RECORDPAT="../data/frame/train"


python train.py \
  --train_data_pattern="$RECORDPAT/*.tfrecord" \
  --model=NetVLADModelLF \
  --train_dir="$SAVEPATH//NetVLAD" \
  --frame_features=True --feature_names="rgb,audio" \
  --feature_sizes="1024,128" \
  --batch_size=160 --base_learning_rate=0.0002 \
  --netvlad_cluster_size=256 \
  --netvlad_hidden_size=1024 \
  --moe_l2=1e-6 --iterations=300 \
  --learning_rate_decay=0.8 \
  --netvlad_relu=False \
  --gating=True \
  --moe_prob_gating=True \
  --lightvlad=False \
  --num_gpu 1 \
  --num_epochs=10 \

Eval model

Once training is complete, eval is performed as follows:

RECORDPATVAL="../data/frame/train"

python eval.py \
  --eval_data_pattern="$RECORDPATVAL/*.tfrecord" \
  --model=NetVLADModelLF \
  --train_dir="$SAVEPATH//NetVLAD" \
  --frame_features=True --feature_names="rgb,audio" \
  --feature_sizes="1024,128" \
  --batch_size=160 --base_learning_rate=0.0002 \
  --netvlad_cluster_size=256 \
  --netvlad_hidden_size=1024 \
  --moe_l2=1e-6 --iterations=300 \
  --learning_rate_decay=0.8 \
  --netvlad_relu=False \
  --gating=True \
  --moe_prob_gating=True \
  --lightvlad=False \
  --num_gpu 1 \
  --num_epochs=10 \
  --run_once \
  --build_only \
  --sample_all

Perform EMA

python train.py \
  --train_data_pattern="$RECORDPAT/*.tfrecord" \
  --model=NetVLADModelLF \
  --train_dir="$SAVEPATH//NetVLAD_ema" \
  --video_level_classifier_model="LogisticModel" \
  --frame_features \
  --feature_names="rgb, audio" \
  --feature_sizes="1024, 128" \
  --batch_size=160 \
  --base_learning_rate=0.00008 \
  --lstm_cells=1024 \
  --num_epochs=2 \
  --num_gpu 1 \
  --num_readers 8 \
  --loss_lambda 0.5 \
  --ema_halflife 2000 \
  --ema_source "$SAVEPATH//NetVLAD/inference_model"

python eval.py \
  --eval_data_pattern="$RECORDPATVAL/*.tfrecord" \
  --model=NetVLADModelLF \
  --train_dir="$SAVEPATH//NetVLAD_ema" \
  --video_level_classifier_model="LogisticModel" \
  --frame_features \
  --feature_names="rgb, audio" \
  --feature_sizes="1024, 128" \
  --batch_size=160 \
  --base_learning_rate=0.00008 \
  --lstm_cells=1024 \
  --num_epochs=2 \
  --num_gpu 1 \
  --num_readers 8 \
  --build_only \
  --run_once \
  --sample_all

Quantize Model and copy model_flags.json

Change savefile to specific save path


python quantize.py \
  --transform_type quant_uniform \
  --model "$SAVEPATH//NetVLAD_ema/inference_model" \
  --savefile ../trained_models/quants/your_model/inference_model

cp $SAVEPATH//NetVLAD_ema/model_flags.json ../trained_models/quants/your_model

Combine multiple graphs into single graph

graph_ensemble.py takes in 2 or more trained models and combines them into a single graph. Sample usage:

python graph_ensemble.py \
--models ../trained_models/quants/74/inference_model \
        ../trained_models/model_1/inference_model \
        ../trained_models/model_2/inference_model \
        ../trained_models/model_3/inference_model \
--weights 0.3333 0.3333 0.3334  \
--save_folder ../train_models/your_combined_output_graph

Perform Inference


RECORDPATTEST="../data/frame/test"

python inference_gpu.py \
  --train_dir "../trained_models/quants/your_model"  \
  --output_file="./output.csv" \
  --input_data_pattern="$RECORDPATtest/*.tfrecord" \
  --batch_size 200 \
  --sample_all

Create Distillation Set and Train on it.

WARNING: Large dataset creation! Creating a new Distillation set will consume ~1.4TB of data so you'll need to have the storage space available.
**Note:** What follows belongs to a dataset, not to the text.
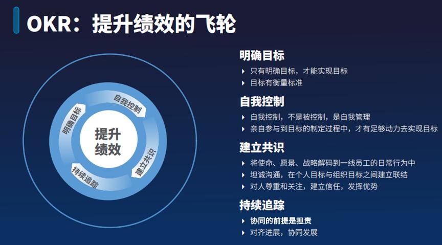 进一步而言,当我们将员工与团队的目标清晰界定,并促使员工实现由被动管理向主动自我管理的转变,同时团队内部建立坚实的共识基础,我们便能在执行中有效追踪与对齐目标,促进整体协同发展。这样,提升绩效的飞轮便能够转动起来。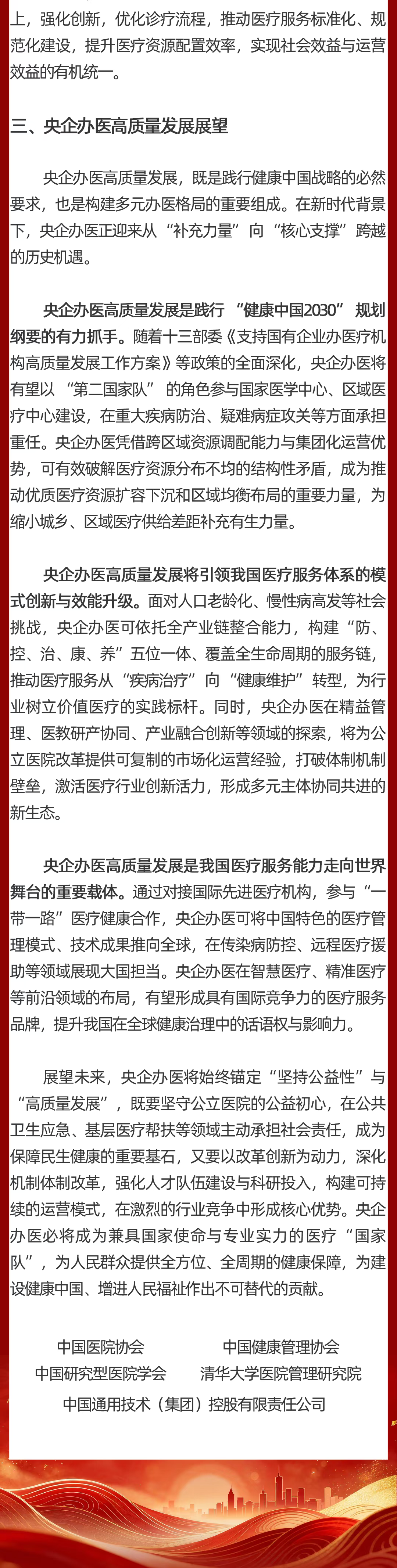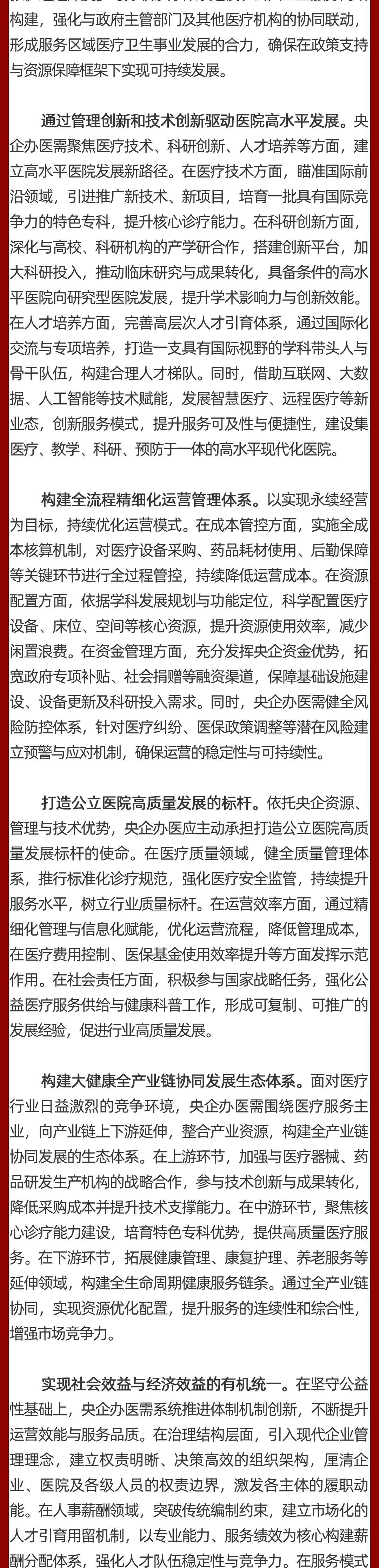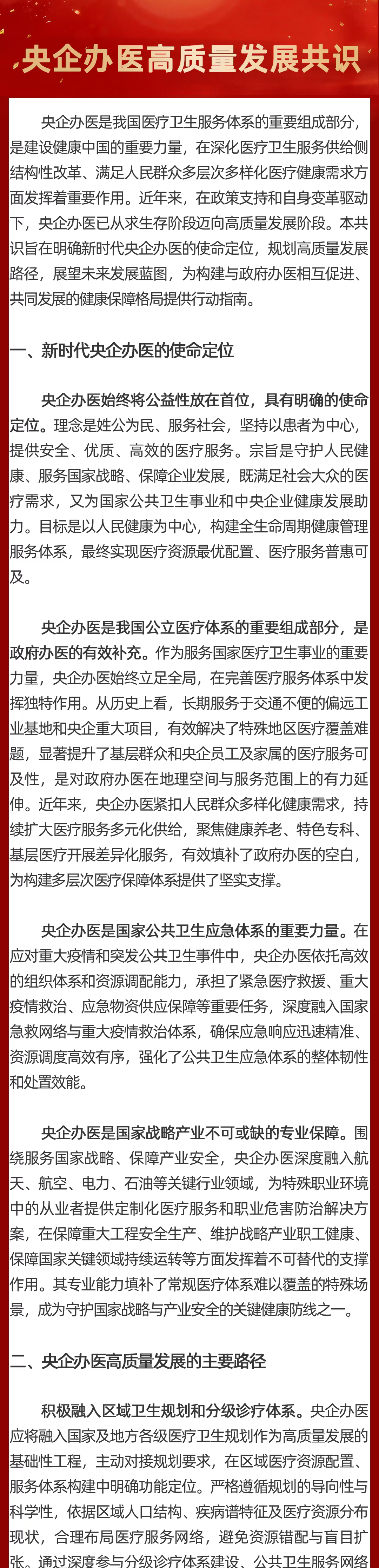 现将《共识》全文发布如下,期待与各方携手,共同推动央企办医高质量发展,为增进人民健康福祉贡献更大力量!

python prepare_distill_dataset.py   --batch_size 128   --file_size 512   --input_data_pattern "$RECORDPATVAL/*.tfrecord"   --output_dir "output_folder/train_distill/"   --model_file "../train_models/your_ensemble_model/inference_model"

Training on a distillation dataset can be done using train_distill.py script. Use same flags as in train.py.

Model configurations

File model_configs.xlsx contains the arhitectures of models used in the work.

Trained Model

Trained model as .tar.gz can be downloaded from here. See inference.py for sample usage of the model. Folder feature_extractor contains information on preprocessing custom videos.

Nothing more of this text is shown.